Now off to the LFS to get a male ram, some candlelight, romantic music and hope to see some results in a couple weeks.


----------



## TAB (Feb 7, 2009)

99% of the time the pink belly is a give away,but...

with how much inbreeding that has gone over the years. you can't really use color, or fins and be sure. you need to look right around thier sex organs. Its kind of hard to explian, let me does some looking for pics...

http://www.cichlid-forum.com/phpBB/viewtopic.php?t=137945

about 3/4s down the page.


----------



## Six (May 29, 2006)

I agree. I was actually going to bring up the same point TAB. We're breeding a lot of wild traits out of rams including the ability for them to successfully raise fry. 

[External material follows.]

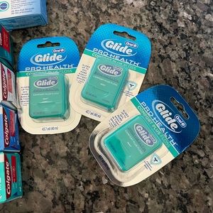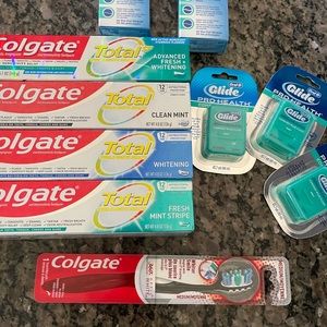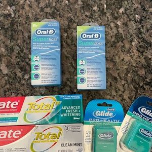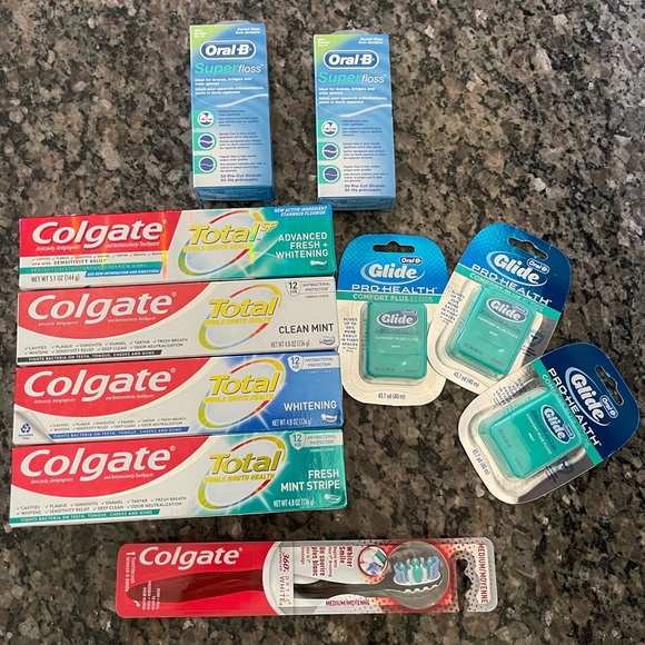 4 toothpaste, 3 floss, 2 super floss 50 count, 1 toothbrush dental bundle! all unused/unopened colgate and oral b
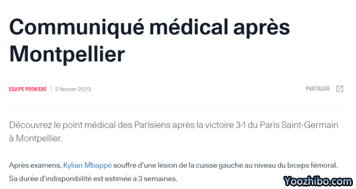 在巴黎3-1战胜蒙彼利埃的比赛中第20分钟伤退,赛后被诊断为左大腿股二头肌损伤。

Whatever you do after breeding them, please don't select them for balloon shape! :3


----------



## freshfins (Oct 23, 2005)

It's a male. I agree that you can't go by the belly color anymore. The best way to tell is that the 3rd dorsal ray is extended above the rest and the blue speckles are around the black spot on the side of the fish rather than within the spot.


----------



## jschall (Apr 13, 2009)

Female ram:








Actually I guess "ram" refers strictly to a male, so there is no such thing!


----------



## Six (May 29, 2006)

You really can't tell with fins anymore- they're bred to have elongated fins... if this is a TR fish it's going to be hard to tell. I'll put $ on it being female. I guess he'll find out if his fish is or not soon enough.....


----------